Когда женщина заметила, что он все же начинает узнавать ее, на ее лице мелькнула чуть заметная улыбка, и по этой-то чуть заметной улыбке он и признал ее окончательно. Он вспомнил, как она в лагере раздавала бутерброды, причем доска, лежавшая на двух пнях, служила ей столом. Как она пришла после гребли, и на ней была голубая кофточка. Как она сидела на траве, обхватив колени. Как она несла знамя, усталая и улыбающаяся, и ее густые волосы были чуть запорошены снегом. Девушка настолько смелая и прекрасная, что образ ее мог служить эмблемой юности. Он вспомнил, что она скоро вышла замуж за рослого белокурого парня, железнодорожника, приехавшего из Северной Германии; кажется, его звали Герберт. Франц как-то никогда больше о нем не вспоминал, как не вспоминаешь о том, что исчезает без следа.
– А где же Герберт? – спросил он и сейчас же пожалел.

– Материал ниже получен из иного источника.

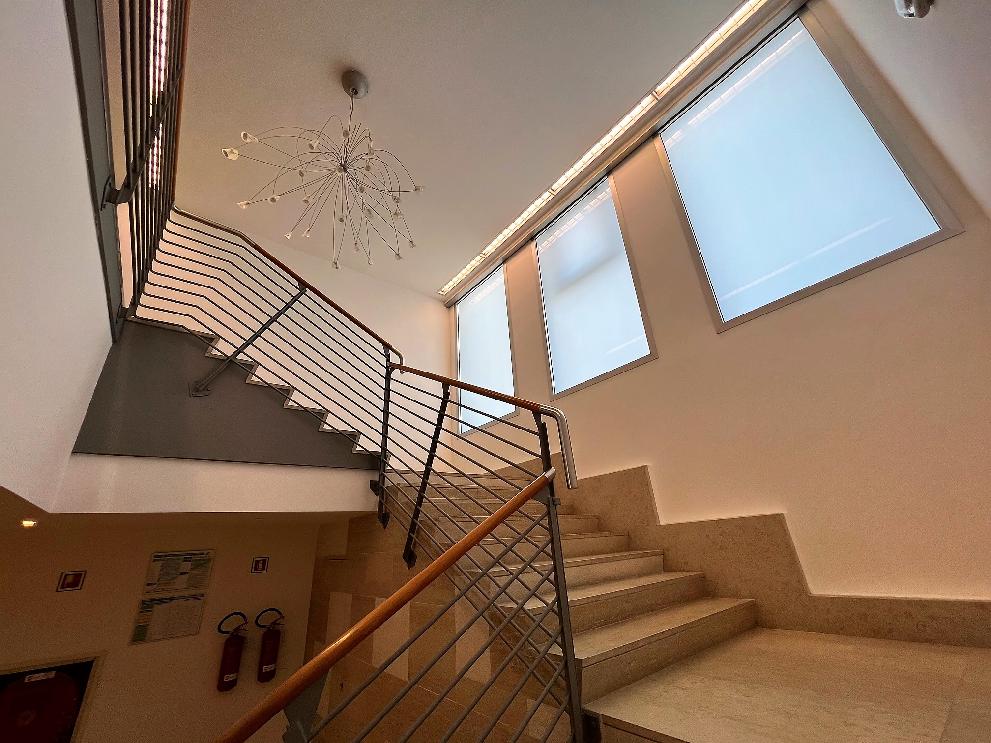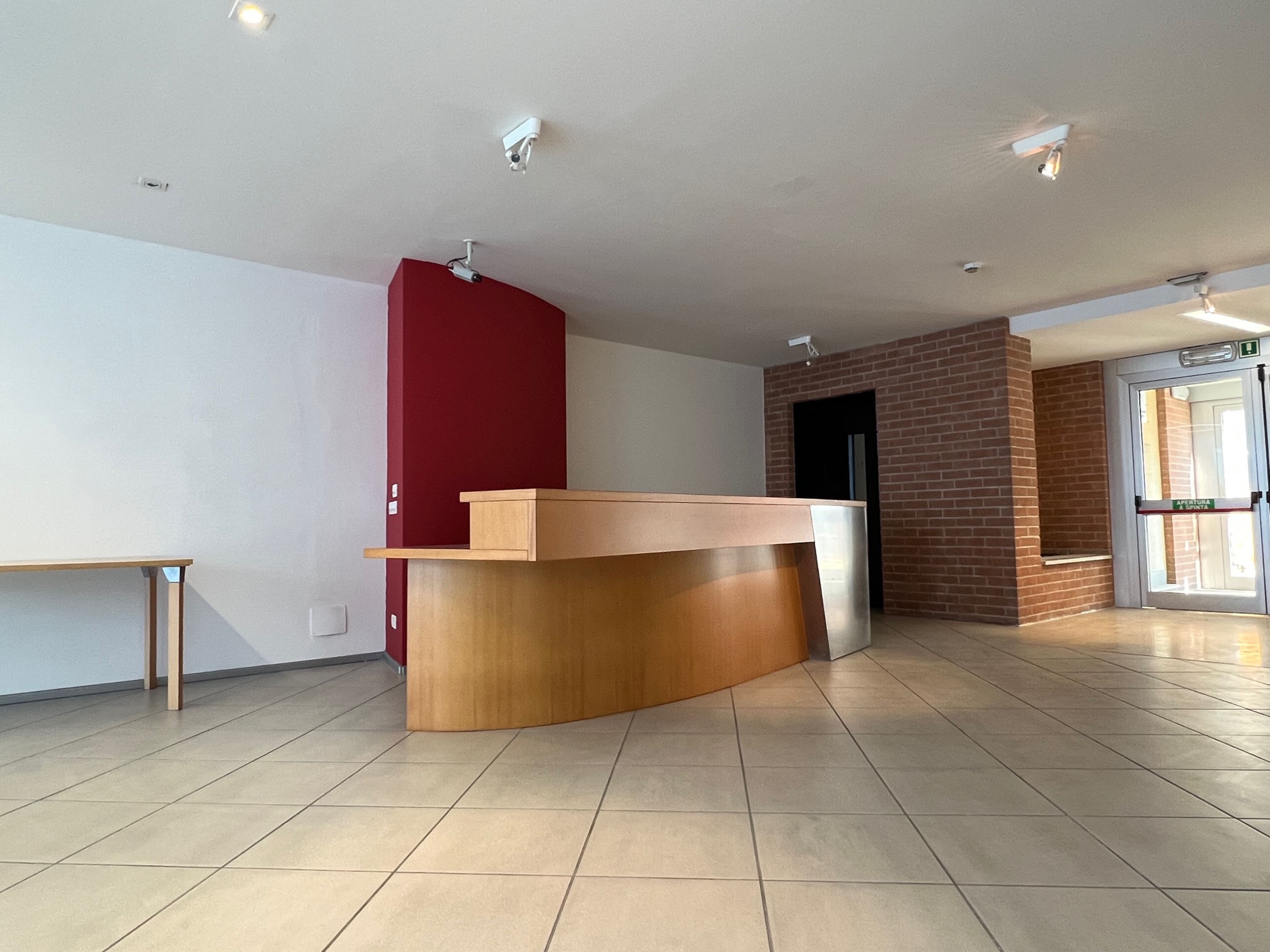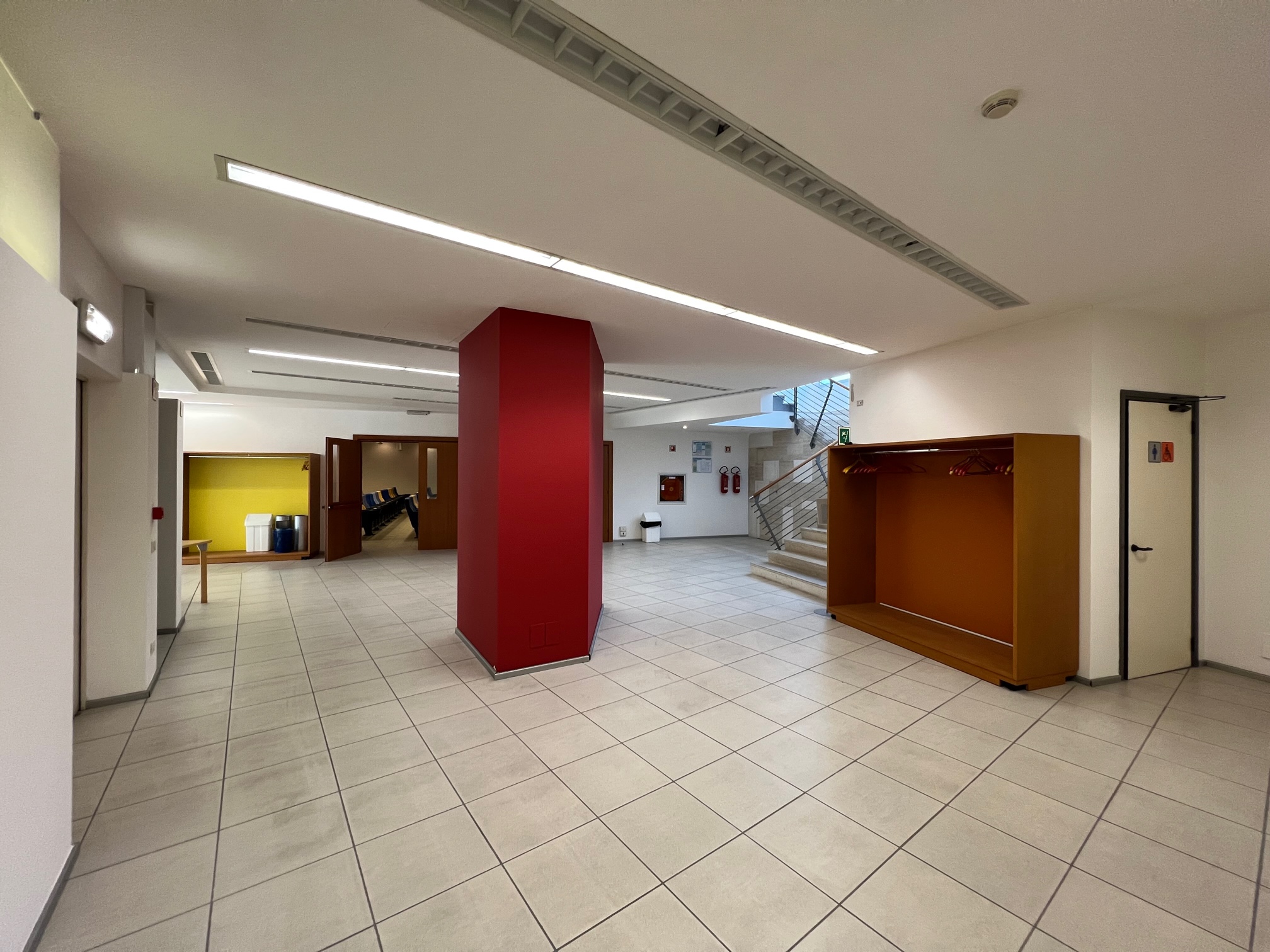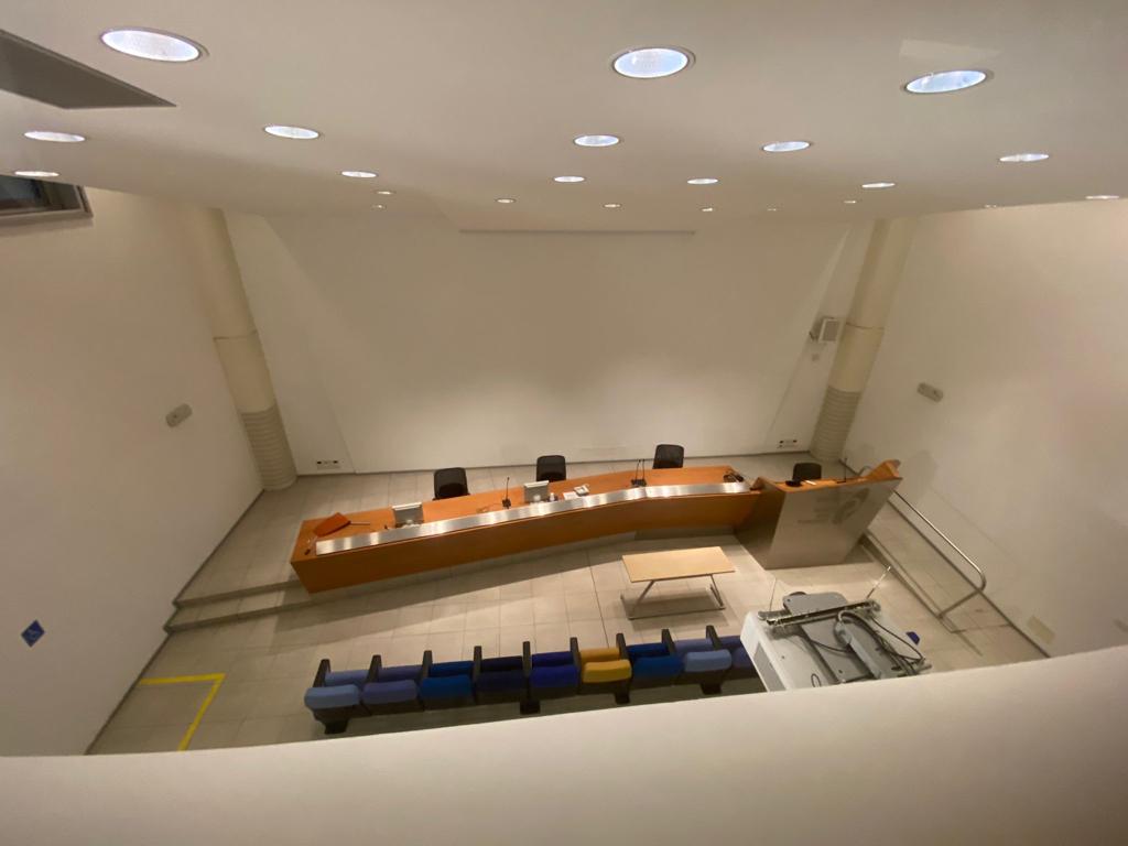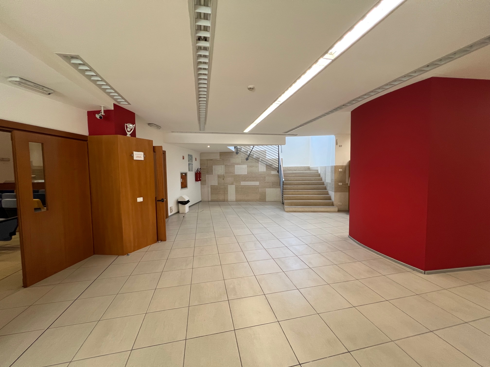 Ingresso con reception e atrio di rappresentanza, tre uffici, bagno e sala tecnica. Al piano sottostante raggiungibile anche tramite ascensore privato, abbiamo la sala convegni, i servizi, tre ampi atrii e due ulteriori sale riunioni.

– Где же ему быть? – отозвалась женщина. – Вот здесь! – И показала пальцем на коричневую землю в саду, под землю, на которой лежали-листья орешника и валялись шершавые скорлупки. Ее жест был так точен, так спокоен, что Францу почудилось, будто Герберт и в самом деле лежит у него под ногами, под этим садом, в который он зашел случайно, под опавшими листьями, под высокими сапогами эсэсовцев и штурмовиков и туфельками их спутниц, ибо народу набралось теперь полным-полно. Всюду виднелись мундиры, спутницы мундиров были молодые и хорошенькие, но Францу все они казались омерзительными.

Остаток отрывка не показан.